(Task details): With pictures omitted, output the records below exactly as they appear.

____ Data for review

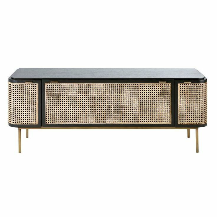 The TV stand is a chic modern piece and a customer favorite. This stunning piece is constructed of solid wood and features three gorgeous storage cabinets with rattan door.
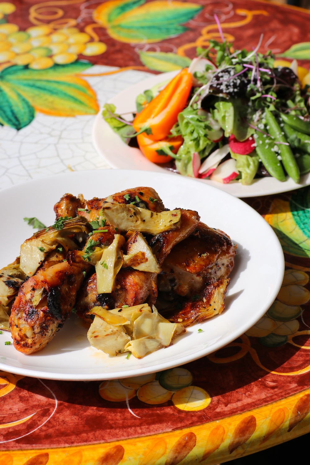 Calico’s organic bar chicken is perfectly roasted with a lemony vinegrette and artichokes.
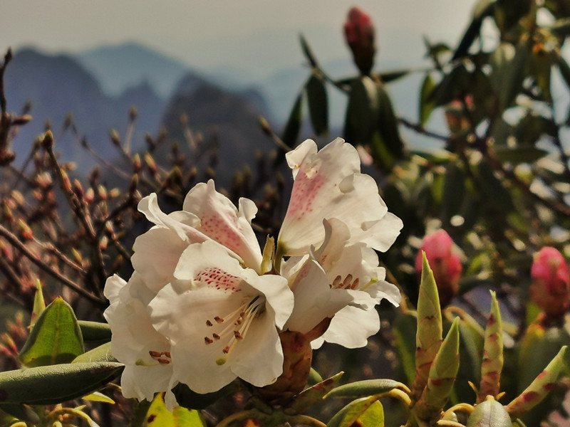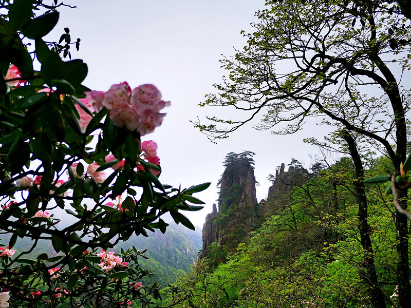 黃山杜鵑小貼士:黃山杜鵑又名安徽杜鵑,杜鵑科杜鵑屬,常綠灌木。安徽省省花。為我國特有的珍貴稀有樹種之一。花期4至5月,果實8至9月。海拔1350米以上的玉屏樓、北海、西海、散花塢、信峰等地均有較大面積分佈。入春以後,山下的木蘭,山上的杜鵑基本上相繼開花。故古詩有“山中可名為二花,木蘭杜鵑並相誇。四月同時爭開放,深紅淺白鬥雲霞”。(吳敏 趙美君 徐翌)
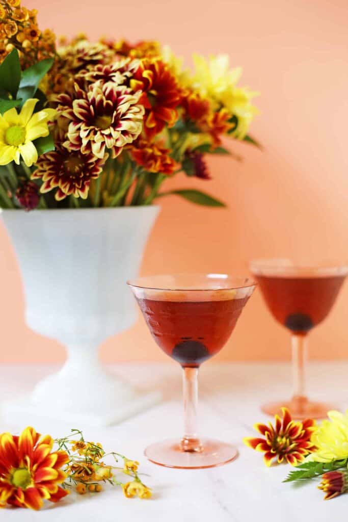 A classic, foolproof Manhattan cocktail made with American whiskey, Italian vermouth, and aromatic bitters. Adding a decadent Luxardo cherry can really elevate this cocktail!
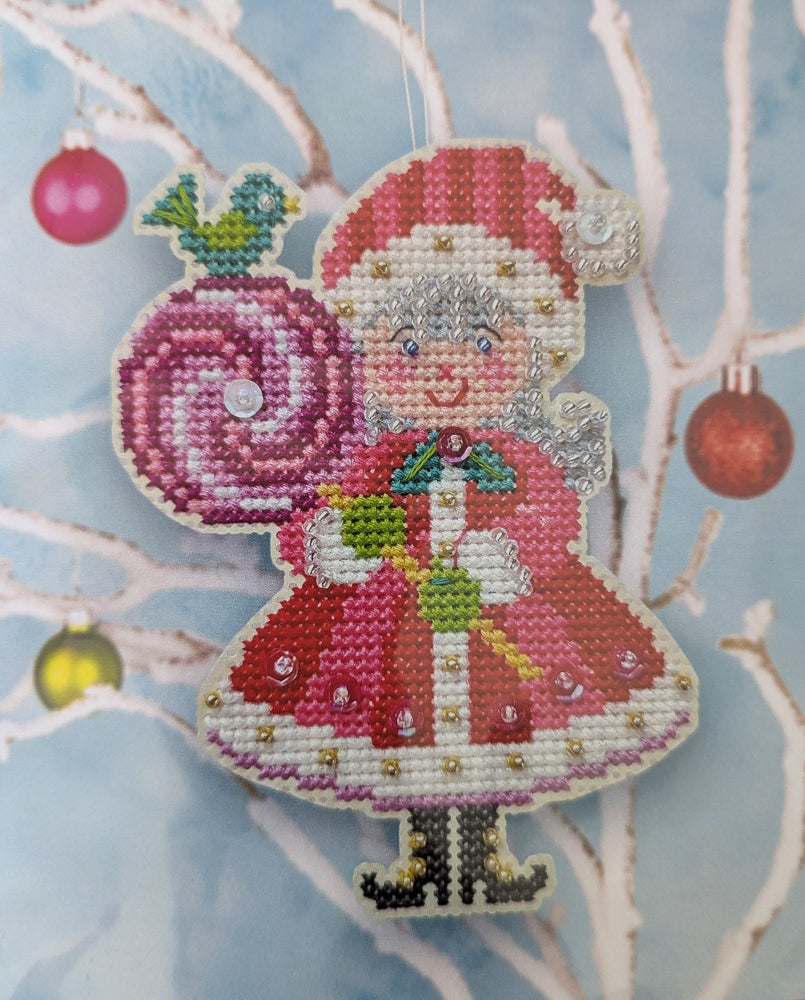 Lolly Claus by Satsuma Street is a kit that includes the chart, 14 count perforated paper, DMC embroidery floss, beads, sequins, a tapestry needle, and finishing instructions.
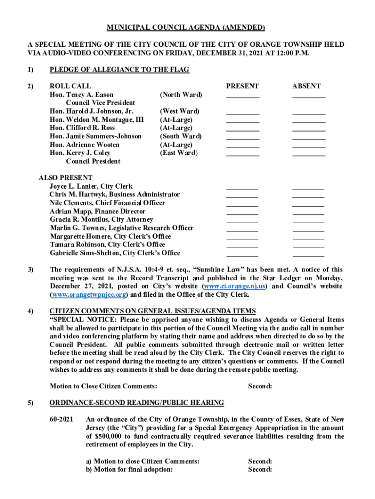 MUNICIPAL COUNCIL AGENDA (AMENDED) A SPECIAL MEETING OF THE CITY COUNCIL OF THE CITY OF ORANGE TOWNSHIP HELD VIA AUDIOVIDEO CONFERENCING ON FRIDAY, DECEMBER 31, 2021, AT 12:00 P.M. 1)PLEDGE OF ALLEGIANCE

________

(Result below):
 The TV stand is a chic modern piece and a customer favorite. This stunning piece is constructed of solid wood and features three gorgeous storage cabinets with rattan door.
 Calico’s organic bar chicken is perfectly roasted with a lemony vinegrette and artichokes.
 黃山杜鵑小貼士:黃山杜鵑又名安徽杜鵑,杜鵑科杜鵑屬,常綠灌木。安徽省省花。為我國特有的珍貴稀有樹種之一。花期4至5月,果實8至9月。海拔1350米以上的玉屏樓、北海、西海、散花塢、信峰等地均有較大面積分佈。入春以後,山下的木蘭,山上的杜鵑基本上相繼開花。故古詩有“山中可名為二花,木蘭杜鵑並相誇。四月同時爭開放,深紅淺白鬥雲霞”。(吳敏 趙美君 徐翌)
 A classic, foolproof Manhattan cocktail made with American whiskey, Italian vermouth, and aromatic bitters. Adding a decadent Luxardo cherry can really elevate this cocktail!
 Lolly Claus by Satsuma Street is a kit that includes the chart, 14 count perforated paper, DMC embroidery floss, beads, sequins, a tapestry needle, and finishing instructions.
 MUNICIPAL COUNCIL AGENDA (AMENDED) A SPECIAL MEETING OF THE CITY COUNCIL OF THE CITY OF ORANGE TOWNSHIP HELD VIA AUDIOVIDEO CONFERENCING ON FRIDAY, DECEMBER 31, 2021, AT 12:00 P.M. 1)PLEDGE OF ALLEGIANCE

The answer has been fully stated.